Does it ship internationally?
The Amazon JP Global Store listing ships from Japan to most major destinations. If a particular seller does not ship to your country, a proxy service such as Buyee or Tenso can forward it. Expect international shipping time and possible customs duties above your local threshold.
How much does it cost?
The live product feed returned no current price at the time of writing, so we do not assert a figure. JPY is the authoritative currency; check the linked listing for the live price and stock before ordering.
How do I care for plant-dyed silk?
Treat it as delicate. It is not machine-washable; use gentle spot care and keep it out of prolonged direct sunlight, since natural dyes can fade over time. Handled this way, the color ages gracefully rather than abruptly.

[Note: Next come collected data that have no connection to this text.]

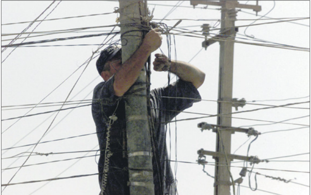
يعداد لجنة أزمة الكهرباء عبر الأسلاك من حول الجوار صباح جمرا

والتي ستعزز أمن الإمدادات الكهربائية في الجانبين، والذي سيكون جزءاً رئيسياً من السوق العربية المشتركة للطاقة مستقبلاً. ولفت إلى أنه مع تطور مراحل الربط على المدى المتوسط، يمكن أن تصل قدرة التزويد إلى 500 ميغاواط.
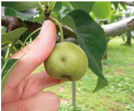
▲ひょう害を受けたナシの幼果 (令和7年7月3日・大館市)
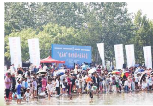
赛事吸引众多市民游客现场加油助威。
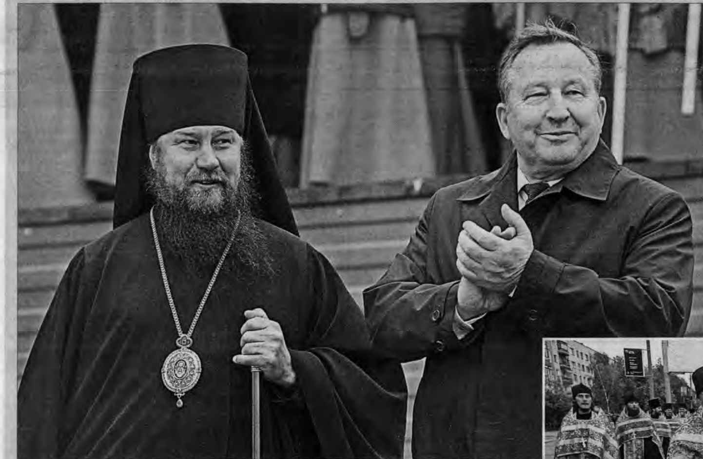
Губернатор Александр Карлин и епископ Барнаульский и Алтайский Максим поздравляли барнаульцев и гостей города с праздником.

В крае отметили День славянской письменности
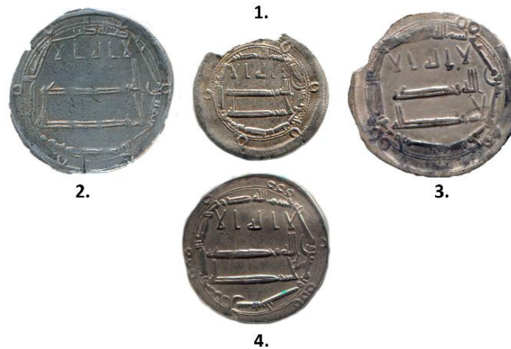
Мал. 8. Порівняння діаметра нісфа та дирхамів (в одному масштабуванні)

Така маса розглянутої монети дозволяє впевнено віднести її до половинного номіналу стандартного дирхама, тобто т. зв. «нісф». Доречним буде також порівняти діаметр обговорюваної монети з діаметрами відомих нам дирхамів цього ж року карбування інших монетних дворів халіфату:
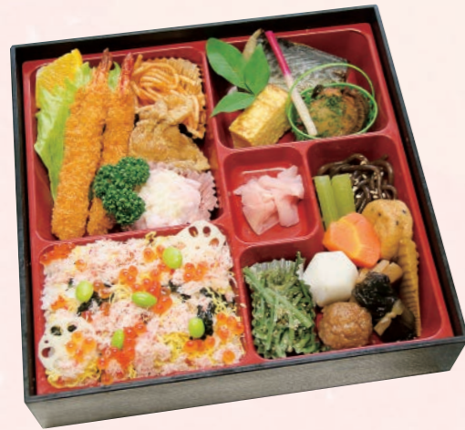
60 松花堂弁当(泉) 2,750円(税込) 【サイズ】W24×H24(cm)
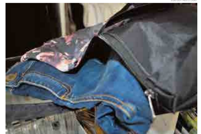
Mulher pede mercadorias em condicional e se recusa a pagar

Ele explicou que uma mulher solicita vários produtos em condicional, principalmente roupas. Na ação seguinte, a golpista repassa nomes falsos e não aceita assinar o documento de recebimento ou pagar pelos itens. Ela é procurada pela
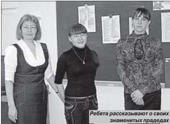
Ребята рассказывают о своих знаменитых прадедах

Е. ГУСМАНОВА, заведующая сектором краеведения МУК «Межпоселенческая центральная библиотека»
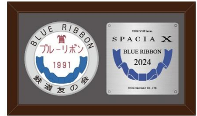
△ブルーリボン賞受賞記念 プレートレプリカセット

1991年にブルーリボン賞を受賞した100系スペーシアの車内に掲出している記念プレート（レプリカ）と、今回受賞したN100系スペーシア Xの車内に掲出する記念プレート（レプリカ）のセット商品です。スペーシアの歴史と伝統を間近に感じられる商品です。発売時期、価格、販売箇所等は別途お知らせします。
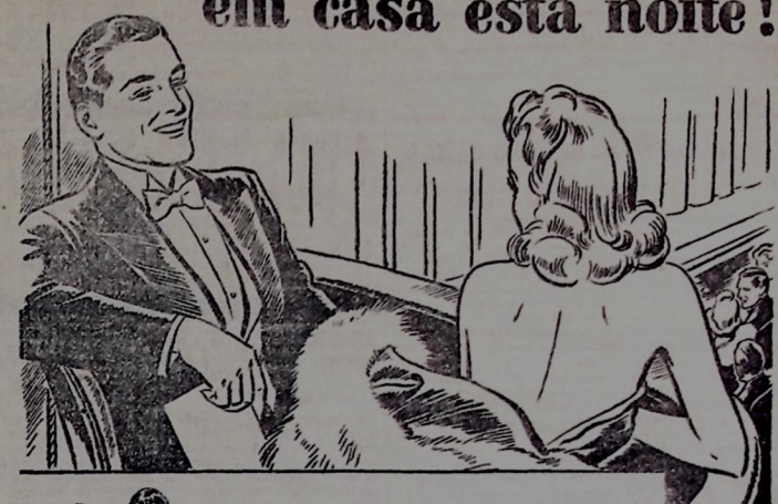
Hoje, a estas horas, não julgava poder vir hoje ao teatro. O delúrio e a obstrução das vias nasais indicavam o princípio de um resfriado.

Antes de deitar-me, pinguei nas narinas algumas gotas do Mistol. O alívio foi surpreendente. Sentí o descongestionamento das vias nasais e pude respirar livremente enquanto dormia.
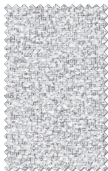
AZ-2012 NEW P.016掲載
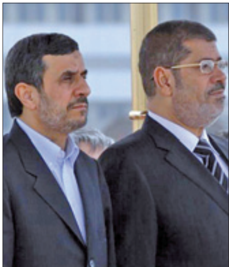
Il presidente iraniano e quello egiziano

Una dura critica al regime di Bashar Al Assad è giunta dall'Oci. Nella bozza del documento finale si addossa al Governo tutta la responsabilità delle violenze e si sollecita Damasco ad avviare un dialogo serio con l'opposizione. Sul terreno, le violenze non conoscono tregua. Gli attivisti segnalano bombardamenti dell'esercito a Damasco e ad Aleppo. Nuovi scontri sono segnalati oggi a Homs, Daraa, Latakia e nella provincia di Idlib. L'Oci ha annunciato che da aprile saranno distribuiti nuovi aiuti a 2,5 milioni di siriani in difficoltà e rifugiatisi nei Paesi vicini.
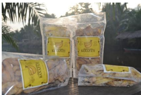
Gambar 6. Foto produk olahan pisang
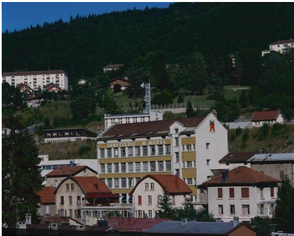
Façade postérieure du bâtiment de 1936, de trois quarts droite.

39, Morez, 18 à 22 avenue Charles de Gaulle
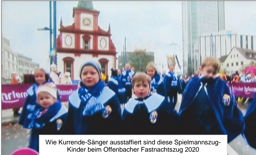
Wie Kurrende-Sänger ausgestattet sind diese Spielmannszug-Kinder beim Offenbacher Fastnachtszug 2020

Mit mehr als 100jähriger Tradition gab es bis 1960 Fastnachtszüge in Offenbach am Main. Seit dem finden nur noch Jubiläumsumzüge statt. So in diesem Jahr zur Feier von 6 x 11 Jahre „Bürgeler Akte“ am 02.02.2020.
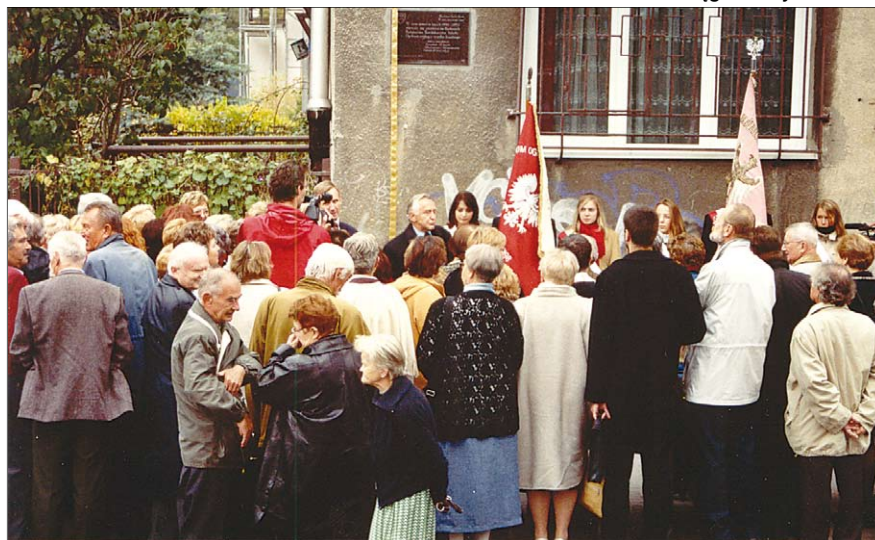
Odsłonięcie tablicy na pierwszym własnym budynku szkolnym przy ul. Barcickiej 2
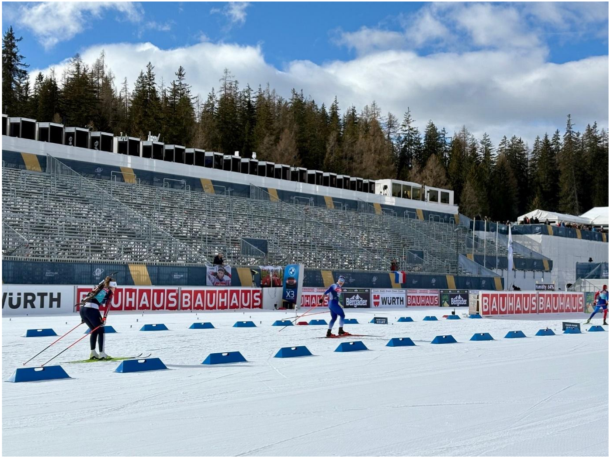
Wettkampfarena in Lantsch/Lenz
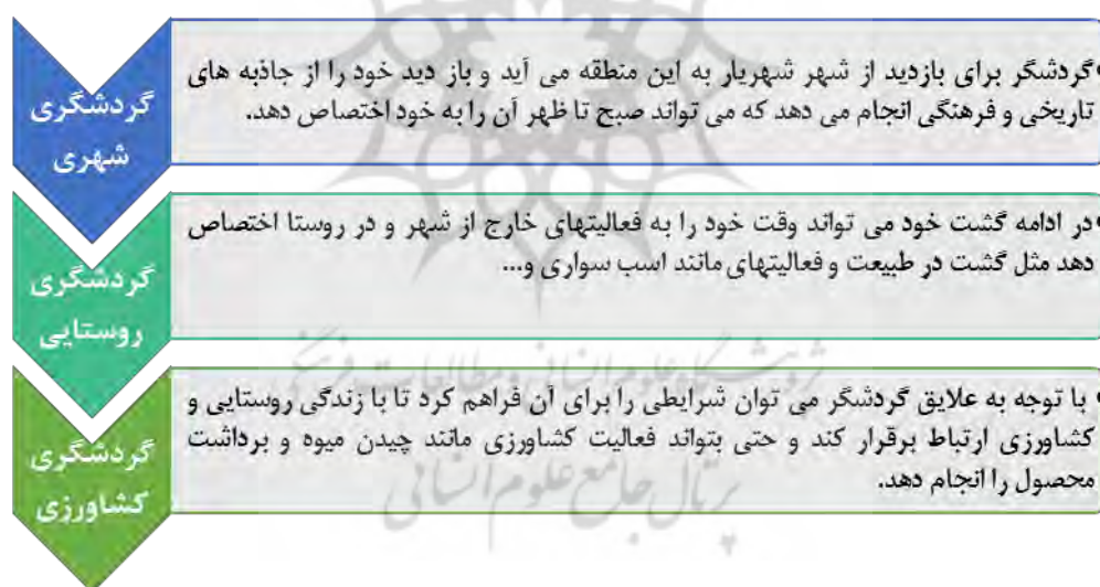
شکل شماره ۱. رابطه اجزای مبانی نظری پژوهش

نخست، گردشگری کشاورزی به گردشگران این فرصت را می‌دهد که در فرایند تولید مواد غذایی مشارکت نمایند. دوم، به گردشگران فرصت می‌دهد تا بیشتر درباره زندگی مردم روستایی بدانند. سوم این‌که گردشگری کشاورزی به گردشگران این فرصت را ارائه می‌دهد تا با حیوانات اهلی و دشت و صحرا (که جزئی از تجربه و زندگی روزمره آن‌ها نیست) تماس مستقیم داشته باشند. این سه ویژگی با سه اصل گردشگری کشاورزی همراه است. این سه اصل بیان می‌کند که در یک مقصد گردشگری باید: چیزی برای گردشگران وجود داشته باشد تا بازدید کنند (مثلاً حیوانات، مزارع، فرهنگ و سنن روستایی، جشنواره‌ها). کاری برای گردشگران وجود داشته باشد تا انجام دهند (مثلاً مشارکت در ماهیگیری، آشپزی، برداشت محصول و مشارکت در بازی‌های محلی) و وسیله برای گردشگران وجود داشته باشد تا بخرند (مثلاً صنایع دستی روستایی، سبزی‌های تازه و مواد غذایی فراوری شده در مزرعه) (sznajder et al, 2009: 260).
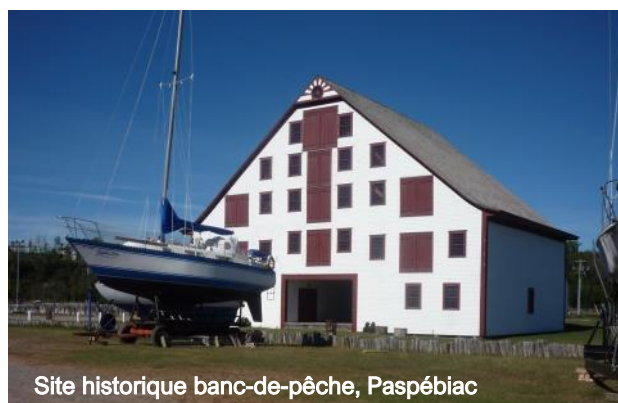
Site historique banc-de-pêche, Paspébiac

Café culture Paspébiac. .Fermé temporairement ..... 418 752-2277 Site historique banc-de-pêche... 418 752-6229
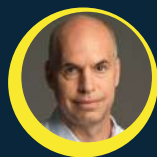
HORACIO RODRÍGUEZ LARRETA JEFE DE GOBIERNO - CABA

Decidió competir en internas de JxC, permitiéndole a la coalición la posibilidad de retener votos de "derecha" y contrarrestar el peso de otras figuras, como la de Javier Milei.
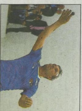
Sarasol II. FUMPIVAL

Ahans, a les 11,00 hores, es disputarà un enfrontament especial de
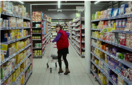
Partir un jour de Amélie Bonnin. Programme En haut de l'affiche.

Cette séance est proposée en version audiodécrite en partenariat avec Le Cinéma Parle, avec le soutien de Matmut pour les Arts. Elle sera accessible pour les personnes déficientes visuelles grâce à l'application La Bavarde, avec le concours de l'association Valentin Haüy.
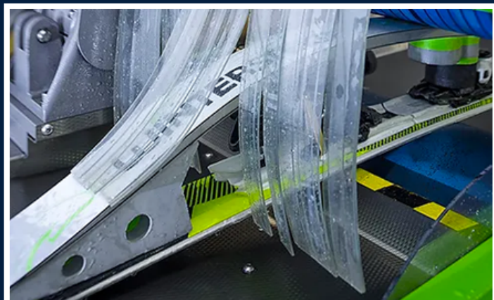
Servis skija i snowboarda

Will the color match the photos exactly?
Not necessarily. Because the dyes are plant-derived and applied by hand, shade varies between lots. The data suggests treating any image as representative rather than exact — this variation is a feature of natural dyeing, not a defect.
Is it a good gift?
It travels well as one. The case is small, light, and high in meaning-per-gram, with a clear story — a rare Tōhoku silk, plant-dyed, from the Satake domain. For anyone who wears glasses and appreciates craft, it reads as considered rather than generic.
How does it compare to other Tōhoku textiles?
It sits among northern plant- and natural-dyed traditions like Yonezawa’s safflower silk and Aomori’s Hirosaki Kogin-zashi. Akita Hachijo’s distinguishing trait is its kariyasu-and-bark plant palette on plain-weave silk; see the comparison box above for related articles.
jpmono.com is curated by a Japan-based editorial team (working out of Toyama in the Hokuriku region and Nara in Kansai) and is independent. We do not take payment from the makers we feature; income comes from affiliate links. We do not physically test every product — we read maker specs and source listings.
This article was prepared with AI assistance and reviewed against the source listing data. Facts about price and stock should be verified at the linked retailer, which is authoritative.